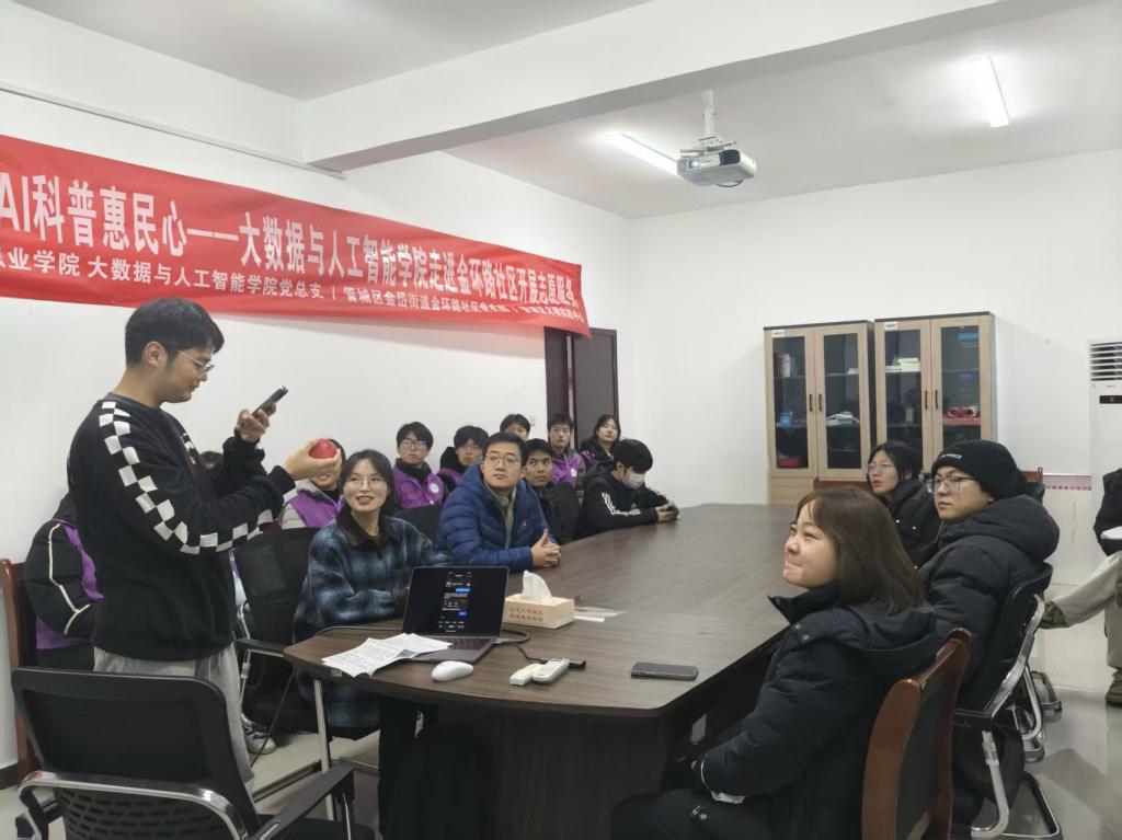 【通讯员:韩委轩】为深化校社合作,推动人工智能知识在基层普及,提升社区居民数字素养与智能生活能力,12月24日,大数据与人工智能学院以党建为引领,组织师生党员志愿者走进金环路社区,开展“AI科普进社区”志愿服务活动,助力居民跨越数字鸿沟,畅享科技便利。
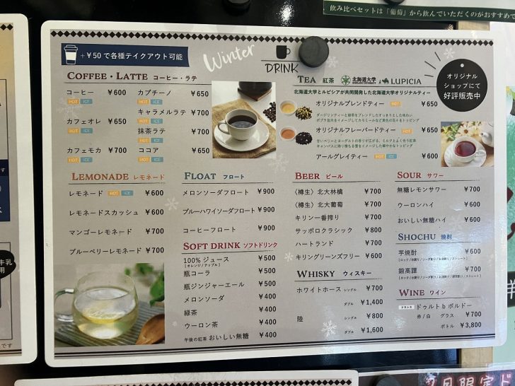 施設内にはインフォメーションセンター(多国語案内所」)と、「北大」オリジナルの商品が揃った土産店と、カフェレストランの「カフェdeごはん」があります。
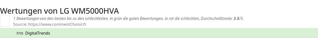 LG WM5000HVA test : Wir haben nur eine Rezension zu diesem Produkt gefunden, daher klingt es schwierig, einen globalen Ratschlag zu geben. Diese durchschnittliche Bewertung von 3.5/5 ist möglicherweise nicht repräsentativ.
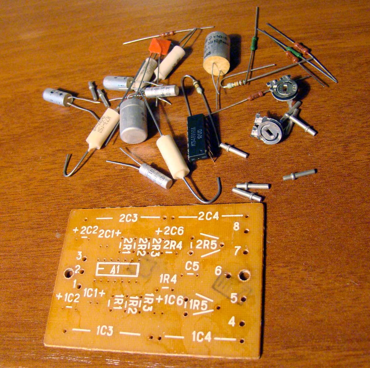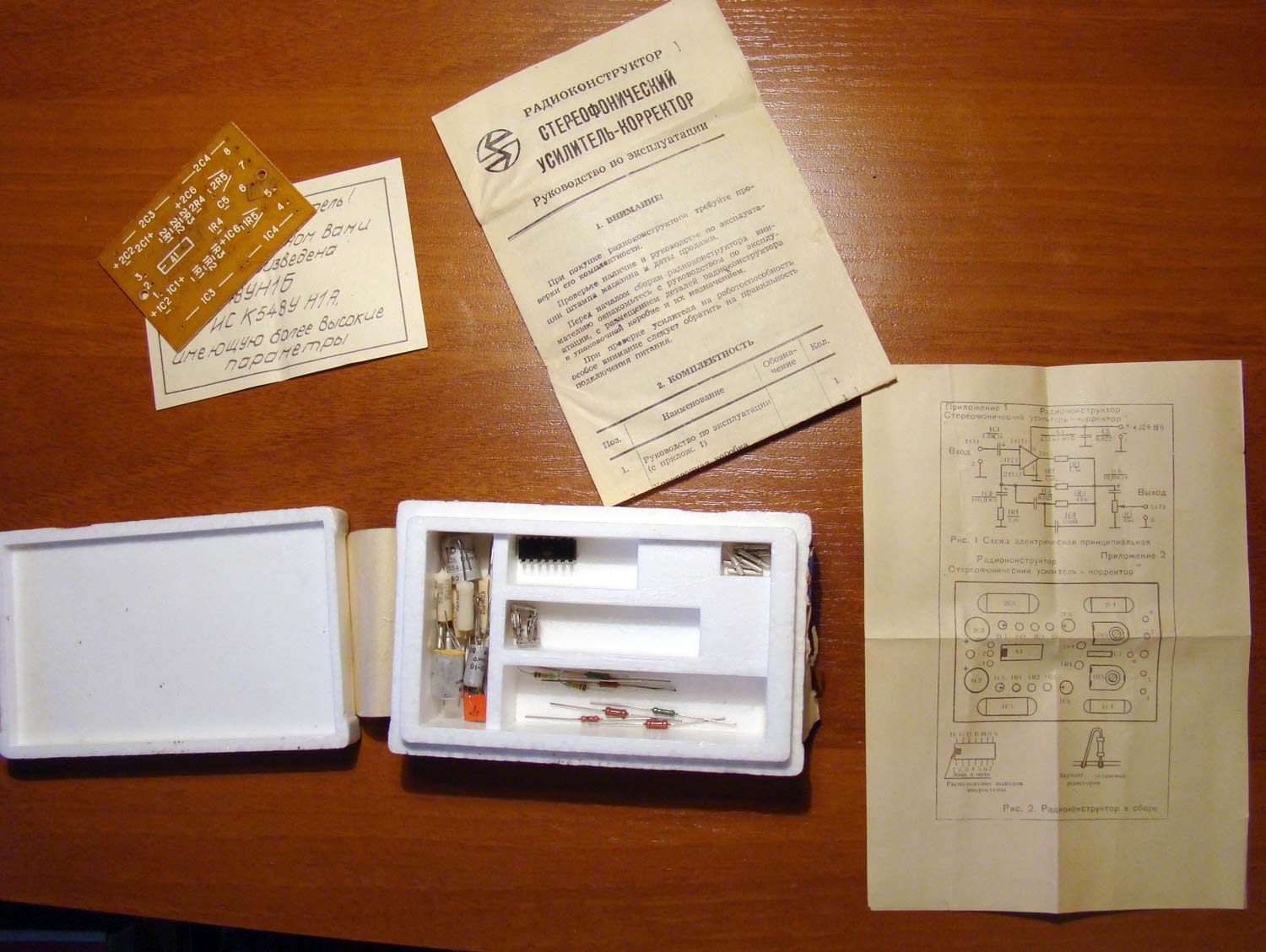 Радиоконструктор *Стереофонический усилитель-корректор* выпускался с начала 1986 года. Радиоконструктор позволяет собрать корректирующий усилитель для электромагнитной головки электропроигрывателя или электрофона. Необходимость в применении такого усилителя вызвана тем что нобходимо компенсировать подъём на высших частотах, полученный в процессе записи программы на пластинку и несколько уменьшить частотные искажения вносимые электромагнитной головкой. Диапазон частот усилителя-корректора 20...20000 Гц. Отношение сигнал-шум 68 дБ. Коэффициент гармоник 0,05 %. Входное сопротивление 300 кОм. Сопротивление нагрузки 10 кОм. Габариты собранной платы - 105х130х55 мм. Её масса - 150 гр.
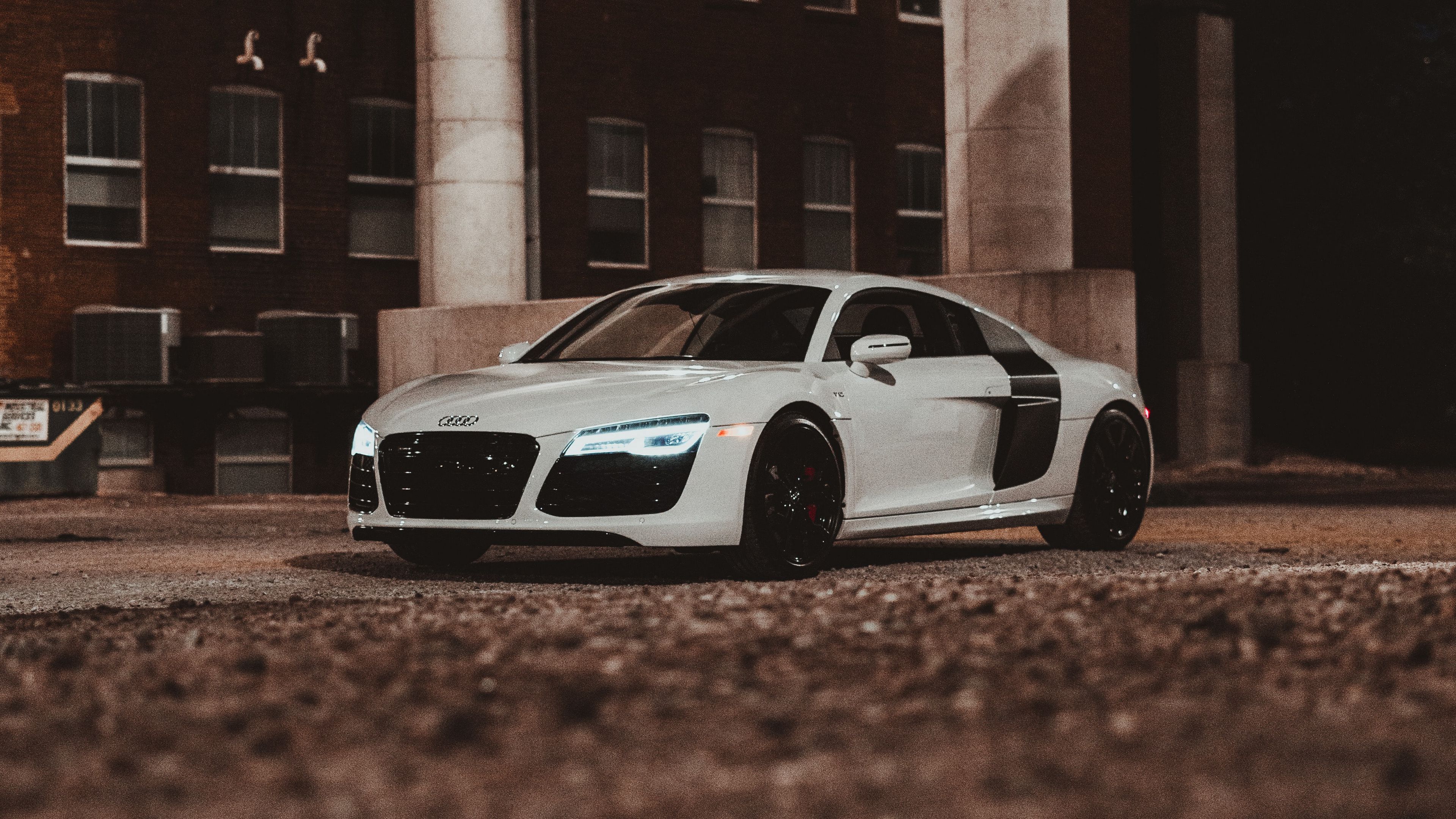Description: A white car parked in front of a building on a street corner with a bench in the background and a building in the background.

══════════

Restate the listing word for word. Pictures do not belong in the copy.

» RESPONSE BOX:
 【通讯员:韩委轩】为深化校社合作,推动人工智能知识在基层普及,提升社区居民数字素养与智能生活能力,12月24日,大数据与人工智能学院以党建为引领,组织师生党员志愿者走进金环路社区,开展“AI科普进社区”志愿服务活动,助力居民跨越数字鸿沟,畅享科技便利。
 施設内にはインフォメーションセンター(多国語案内所」)と、「北大」オリジナルの商品が揃った土産店と、カフェレストランの「カフェdeごはん」があります。
 LG WM5000HVA test : Wir haben nur eine Rezension zu diesem Produkt gefunden, daher klingt es schwierig, einen globalen Ratschlag zu geben. Diese durchschnittliche Bewertung von 3.5/5 ist möglicherweise nicht repräsentativ.
 Радиоконструктор *Стереофонический усилитель-корректор* выпускался с начала 1986 года. Радиоконструктор позволяет собрать корректирующий усилитель для электромагнитной головки электропроигрывателя или электрофона. Необходимость в применении такого усилителя вызвана тем что нобходимо компенсировать подъём на высших частотах, полученный в процессе записи программы на пластинку и несколько уменьшить частотные искажения вносимые электромагнитной головкой. Диапазон частот усилителя-корректора 20...20000 Гц. Отношение сигнал-шум 68 дБ. Коэффициент гармоник 0,05 %. Входное сопротивление 300 кОм. Сопротивление нагрузки 10 кОм. Габариты собранной платы - 105х130х55 мм. Её масса - 150 гр.
Description: A white car parked in front of a building on a street corner with a bench in the background and a building in the background.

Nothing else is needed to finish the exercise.